From: ephemeral@ephemeralfic.org
Date: 3 Aug 2001 08:29:03 -0000
Subject: The Things We Do for Love (1/1) by shirlock
Source: direct

Reply To: shirlock67@home.com


Title:  The Things We Do For Love (1/1)

Author: Shirlock

Rating: PG13, one bad Italian word...suggestive
scenario. 

Category: V/H/MSR/ Other POV

Disclaimer: They belong to Chris Carter except 
for Eduardo, Enrico, and Enzo Pisano. The lyrics 
"The things we do for love" by 10cc is wonderfully 
apt and lovingly used, but not with permission.

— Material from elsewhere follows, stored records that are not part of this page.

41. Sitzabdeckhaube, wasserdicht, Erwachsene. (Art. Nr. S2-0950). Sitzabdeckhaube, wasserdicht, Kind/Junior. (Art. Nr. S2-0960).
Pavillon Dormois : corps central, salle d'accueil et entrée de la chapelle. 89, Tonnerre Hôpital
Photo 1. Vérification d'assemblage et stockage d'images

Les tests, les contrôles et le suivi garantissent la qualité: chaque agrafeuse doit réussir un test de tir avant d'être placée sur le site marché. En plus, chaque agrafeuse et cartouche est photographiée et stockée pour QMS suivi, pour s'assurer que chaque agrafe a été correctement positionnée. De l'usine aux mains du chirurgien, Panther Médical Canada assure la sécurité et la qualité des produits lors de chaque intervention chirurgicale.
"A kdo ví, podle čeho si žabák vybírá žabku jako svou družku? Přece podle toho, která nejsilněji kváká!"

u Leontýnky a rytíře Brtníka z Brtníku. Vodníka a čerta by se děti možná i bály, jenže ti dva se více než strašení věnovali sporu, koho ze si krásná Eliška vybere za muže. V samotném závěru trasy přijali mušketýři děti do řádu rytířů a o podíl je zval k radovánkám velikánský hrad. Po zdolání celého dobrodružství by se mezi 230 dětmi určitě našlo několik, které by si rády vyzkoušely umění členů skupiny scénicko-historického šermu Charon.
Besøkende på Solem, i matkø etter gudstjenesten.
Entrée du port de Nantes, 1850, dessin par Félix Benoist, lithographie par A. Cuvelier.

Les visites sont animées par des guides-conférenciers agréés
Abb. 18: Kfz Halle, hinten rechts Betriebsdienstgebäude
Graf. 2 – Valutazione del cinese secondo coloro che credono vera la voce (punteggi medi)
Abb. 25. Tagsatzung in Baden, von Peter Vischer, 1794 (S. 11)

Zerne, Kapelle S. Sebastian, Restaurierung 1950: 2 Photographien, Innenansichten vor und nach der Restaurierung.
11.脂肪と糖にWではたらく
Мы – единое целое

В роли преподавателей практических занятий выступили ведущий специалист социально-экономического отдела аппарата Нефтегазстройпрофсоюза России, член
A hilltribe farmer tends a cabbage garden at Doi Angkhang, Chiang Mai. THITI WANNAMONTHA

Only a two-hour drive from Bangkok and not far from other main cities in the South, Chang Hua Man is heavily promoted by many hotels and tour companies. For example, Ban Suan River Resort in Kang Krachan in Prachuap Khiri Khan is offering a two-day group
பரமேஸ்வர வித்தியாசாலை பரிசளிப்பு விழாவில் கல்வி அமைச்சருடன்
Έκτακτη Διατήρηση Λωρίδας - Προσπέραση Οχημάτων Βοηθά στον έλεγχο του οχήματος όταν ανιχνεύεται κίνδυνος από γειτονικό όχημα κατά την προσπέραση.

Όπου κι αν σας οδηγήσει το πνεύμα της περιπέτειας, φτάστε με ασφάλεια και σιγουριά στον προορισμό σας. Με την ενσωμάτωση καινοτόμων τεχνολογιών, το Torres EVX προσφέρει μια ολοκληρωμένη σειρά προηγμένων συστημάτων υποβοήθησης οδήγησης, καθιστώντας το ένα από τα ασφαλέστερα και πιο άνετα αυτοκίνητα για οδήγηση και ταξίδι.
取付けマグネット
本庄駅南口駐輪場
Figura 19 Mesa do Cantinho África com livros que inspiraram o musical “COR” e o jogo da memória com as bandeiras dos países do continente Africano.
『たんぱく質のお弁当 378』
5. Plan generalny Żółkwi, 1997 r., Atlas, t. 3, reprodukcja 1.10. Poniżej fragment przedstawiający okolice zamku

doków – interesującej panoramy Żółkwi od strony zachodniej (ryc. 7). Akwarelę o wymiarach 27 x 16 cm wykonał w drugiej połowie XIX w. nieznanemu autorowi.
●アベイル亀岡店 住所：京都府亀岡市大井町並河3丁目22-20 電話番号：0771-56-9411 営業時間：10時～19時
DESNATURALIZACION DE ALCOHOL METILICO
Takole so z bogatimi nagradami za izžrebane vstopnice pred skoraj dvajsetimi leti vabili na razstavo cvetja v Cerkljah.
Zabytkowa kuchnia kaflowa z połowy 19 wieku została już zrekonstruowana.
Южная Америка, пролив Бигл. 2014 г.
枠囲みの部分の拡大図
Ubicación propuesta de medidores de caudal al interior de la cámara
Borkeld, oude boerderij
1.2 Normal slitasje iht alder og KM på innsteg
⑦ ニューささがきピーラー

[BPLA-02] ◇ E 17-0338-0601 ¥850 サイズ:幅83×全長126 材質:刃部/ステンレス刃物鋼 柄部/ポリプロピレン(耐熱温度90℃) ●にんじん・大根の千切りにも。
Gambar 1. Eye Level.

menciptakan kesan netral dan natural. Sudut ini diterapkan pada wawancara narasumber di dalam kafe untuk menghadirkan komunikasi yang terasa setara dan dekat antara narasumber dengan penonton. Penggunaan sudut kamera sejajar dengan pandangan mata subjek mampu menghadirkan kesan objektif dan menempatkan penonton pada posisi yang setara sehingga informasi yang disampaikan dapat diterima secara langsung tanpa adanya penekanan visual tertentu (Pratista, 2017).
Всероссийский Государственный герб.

Spoilers: Agua Mala, Chinga

Timeline: After Existence

Archive: OK Gossy, OK Spookys. 
Anyone else please ask: 
shirlock67@home.com
Completed: August 2001 

Summary: Concupiscence is rife and brimming over 
the clambake souffle...A highly elaborate dinner 
plan...aah, the things we do for love. This is part 
12 of a series of third person pov. You don't need 
to read those to understand this. 

You can read the rest here: http://members.nbci.com
/shirlock1013

*****

Too many broken hearts have fallen in the river.
Too many lonely souls have drifted out to sea.
You lay your bets and then you pay the price
The things we do for love.

*****

Cordell, Bethesda
Cucina Pisano
Friday evening
6:30pm

Grilled figs. I pick a plump grecian delight and 
contemplate the springyness of its fragile purple 
hide. Perfect. The roundness, compact fullness of 
the ripened fruit sends a subliminal gustatory 
message to my senses. I bring it to the light and 
see the motley skin where the fire had charred the 
edges. Sinking my teeth in it is a slowly sensual, 
deeply spiritual, satisfyingly soulful experience. 
Its warmly textured pulp sandpaper my tongue then 
lava over my teeth.

Aah! Grilled figs- food of the gods. 

"Eduardo! Come si chiama questo piatto?" My older 
brother Enzo calls out to me. I am jarred painfully 
back into the present.

"Aragoste Ammollicate, and Enzo? Stay calm and don't 
forget to breathe."

Enzo mutters to himself how it's possible to stay 
calm when the restaurant is booked solid tonight 
plus the Baltimore Chronicle or Annapolis Times 
is going to infiltrate some brown nose reporter 
to pass judgement on his clam bake souffle . I 
don't know who his inside sources are but they yank 
his mitts like clockwork every summer. He'll be sixty 
this November. He shouldn't have to deal with this 
sort of thing. 

Regrouping my earlier resolve to make tonight unfor-
gettable, I look at the dishes being prepared before 
me. Okay, tentacles of squid, merguez sausage flown 
in from Firenze, the pesce alla griglia could be a 
little less done. The oysters are so beautiful I could 
weep. The eggplant bruschettas are slightly overcrisp. 
I pop a small piece into my mouth and I'm reminded this 
is the real reason I left Hollywood and not because I 
lucked out on that part in The Sopranos. 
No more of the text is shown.